_Problem to work on_
Repeat the lines of the data exactly and exclude any picture among them.

_Supplied material_
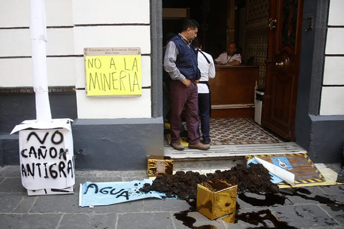 Los ejidatarios, representados por Oswaldo Villegas, del municipio de Cuyoaco, lanzaron estiércol a las puertas de la sede Legislativa ubicada en la 5 poniente 128, en el Centro Histórico, para exigir al gobernador interino Guillermo Pacheco Pulido el cese a las agresiones en su contra.
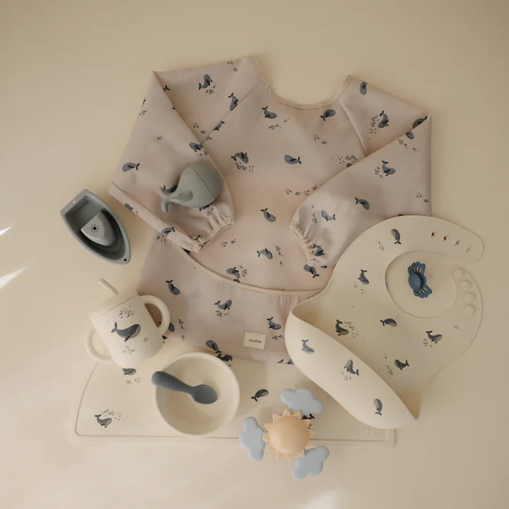 mushie(ムシエ)のロングスリーブビブは、袖付きタイプでお洋服をしっかりガード。
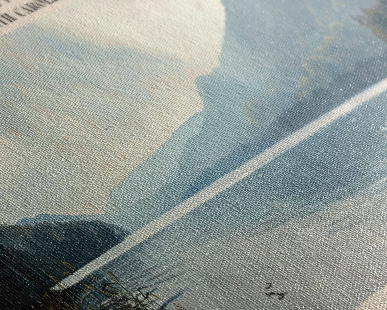 Most of our canvases are made in the USA, with the exception of canvases ordered with the light oak unstained frames, and any large canvases (24x48, 30x60, 16x48 and 20x60) ordered WITH a frame. These are temporarily made in and shipped from Europe, while we try to find a more consistent supplier in the USA.
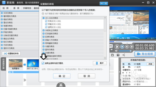 7、注意一定要選中設(shè)置隨機(jī)轉(zhuǎn)場(chǎng),并勾選啟用全部轉(zhuǎn)場(chǎng)進(jìn)行隨機(jī)(如果看到效果不佳的隨機(jī)轉(zhuǎn)場(chǎng)特效,可以自行刪除并切換合意的模板),否則是無(wú)轉(zhuǎn)場(chǎng)效果。

_Reply to the exercise_
 Los ejidatarios, representados por Oswaldo Villegas, del municipio de Cuyoaco, lanzaron estiércol a las puertas de la sede Legislativa ubicada en la 5 poniente 128, en el Centro Histórico, para exigir al gobernador interino Guillermo Pacheco Pulido el cese a las agresiones en su contra.
 mushie(ムシエ)のロングスリーブビブは、袖付きタイプでお洋服をしっかりガード。
 Most of our canvases are made in the USA, with the exception of canvases ordered with the light oak unstained frames, and any large canvases (24x48, 30x60, 16x48 and 20x60) ordered WITH a frame. These are temporarily made in and shipped from Europe, while we try to find a more consistent supplier in the USA.
 7、注意一定要選中設(shè)置隨機(jī)轉(zhuǎn)場(chǎng),并勾選啟用全部轉(zhuǎn)場(chǎng)進(jìn)行隨機(jī)(如果看到效果不佳的隨機(jī)轉(zhuǎn)場(chǎng)特效,可以自行刪除并切換合意的模板),否則是無(wú)轉(zhuǎn)場(chǎng)效果。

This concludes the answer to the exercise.